Avec ce parcellaire, nous entrons dans l’univers des grands sancerres de terres blanches, qui puisent leur identité dans ces terroirs typiques de marnes kimméridgiennes, riches en fossiles marins. Les sédiments calcaires apportent de la finesse et une élégante minéralité fraîche et tonique, couplée à une densité de matière amenée par les argiles.
La cuvée est élaborée à partir de deux parcelles de vignes âgées entre 40 et 50 ans, qui ont eu le temps de s’immiscer en profondeur dans ce superbe terroir kimméridgien. La parfaite exposition au sud-est, le travail des sols, l’enherbement naturel, l’ébourgeonnage strict, le contrôle de la maturité et le tri méticuleux du raisin, tout concourt à produire un vin racé et précis, exprimant avec intensité et finesse les qualités du terroir. Comme toujours avec Stéphane Riffault, l’élevage se révèle extrêmement précis et parfaitement fondu dans le vin.

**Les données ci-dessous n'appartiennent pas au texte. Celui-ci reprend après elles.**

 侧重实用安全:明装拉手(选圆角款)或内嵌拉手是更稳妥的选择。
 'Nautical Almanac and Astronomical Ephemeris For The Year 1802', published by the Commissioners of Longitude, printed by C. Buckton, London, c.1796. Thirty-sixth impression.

Plus dense que Les Boucauds, ce Sancerre Les Denisottes affiche un profil équilibré entre puissance fuselée, fruit mûr et expressif, mais aussi cette fraîcheur aquatique puisée dans les calcaires coquilliers et une trame épicée qui dynamise le propos.

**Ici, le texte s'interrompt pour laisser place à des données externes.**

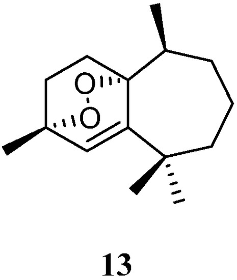 - Ghandourah, M.A.; Alarif, W.M.; Abdel-Lateff, A.; Al-Lihaibi, S.S.; Ayyad, S.-E.N.; Basaif, S.A.; Badria, F.A. Two new terpenoidal derivatives: A himachalene-type sesquiterpene and 13,14-secosteroid from the soft coral Litophyton arboreum. Med. Chem. Res. 2015, 24, 4070–4077. [Google Scholar] [CrossRef]
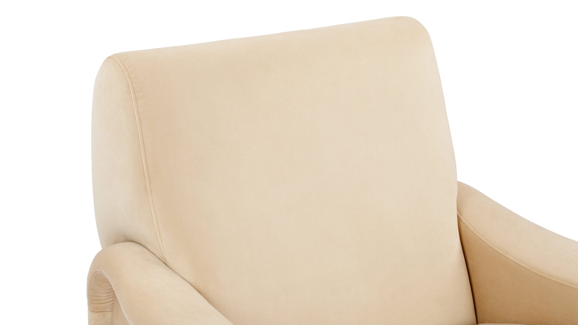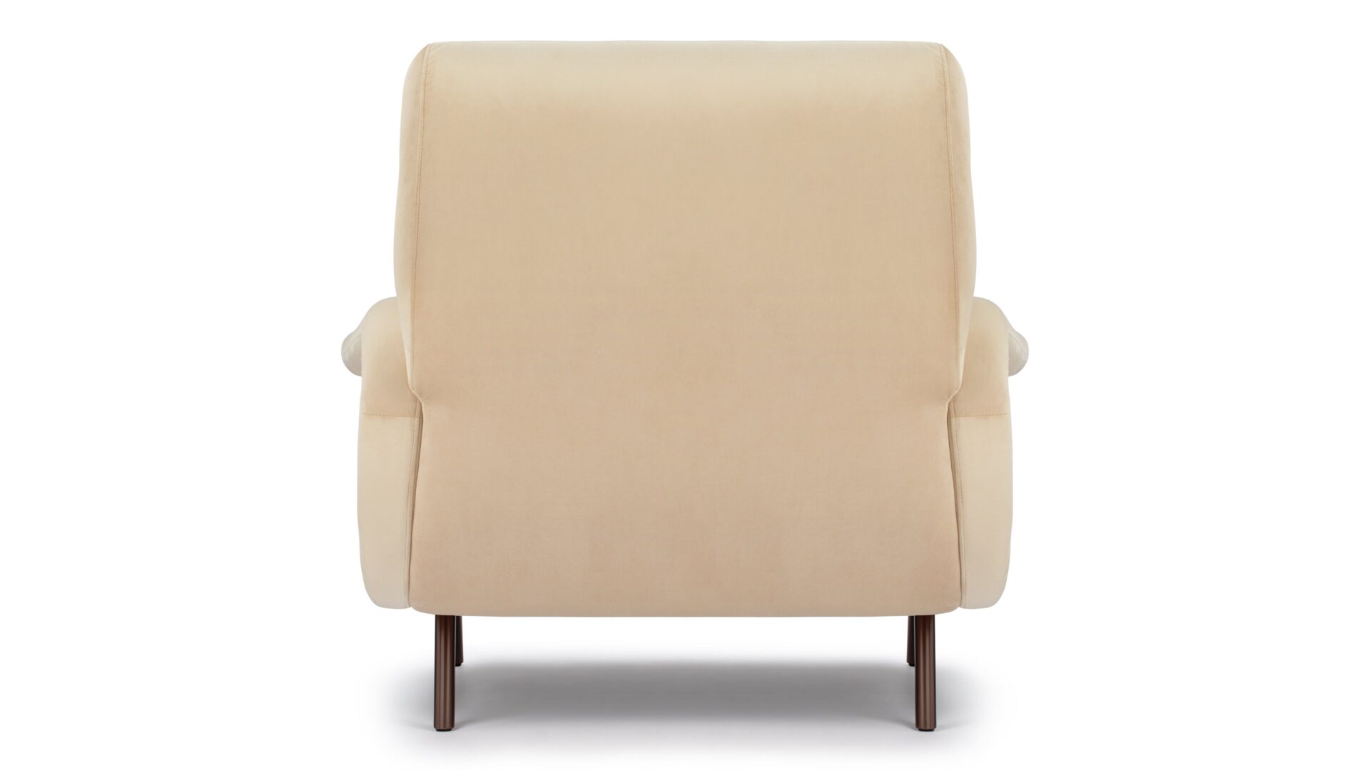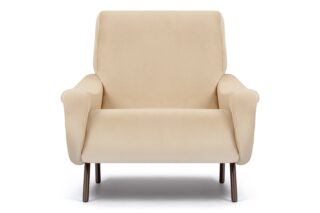 Discover the Lady Armchair, a perfect fusion of vintage charm and modern comfort. Featuring elegantly curved arms and stylish splayed wooden legs, this mid-century inspired piece brings sophistication to any living space. Upholstered in luscious ecru velvet, it adds an opulent touch while being easy to maintain. Elevate your decor with timeless style and cozy luxury.

Le premier nez est marqué par la douceur d’une expression florale aux accents de petites fleurs cristallisées, de géranium et de bégonia. On pense à des frondaisons denses au bord d’une rivière, aux peupliers et aux herbes grasses et humides, à l’écorce et à la sève des arbres. Une touche chlorophyllienne d’ortie et de sauge précède l’expression du fruit autour d'un jus de pomme Canada ou Boskoop, du coing, de la pêche blanche mais aussi du pamplemousse bien mûr et d’une note d’orange confite.
La bouche est ample, souple et juteuse : nos papilles ne résistent pas longtemps au plaisir de ces saveurs de fruits à noyau, de prune acidulée, de citron jaune et vert, de pamplemousse. Résolument gourmand, ce Sancerre Les Denisottes n’en est pas moins tonique et épicée : le milieu de bouche est animé de notes de baie de genièvre, de poivre vert et d’une touche de réglisse. La dimension maritime, venue des sols kimméridgiens, s’affirme maintenant : elle apporte au milieu de bouche une trame saline évoquant l’eau de mer. La finale, longue, dense et sapide, est habitée par la roche et ses sels minéraux.
Il devrait être splendide après un bon carafage, ou, mieux encore, après un passage en cave de 3 ou 4 ans, pour accompagner un tourteau à la mayonnaise, une terrine de poissons aux herbes fines, une salade russe ou encore une salade d’araignée de mer ou de chair de crabe aux agrumes. Pour un plat chaud, misez sur une aile de raie pochée servie avec un beurre citronné.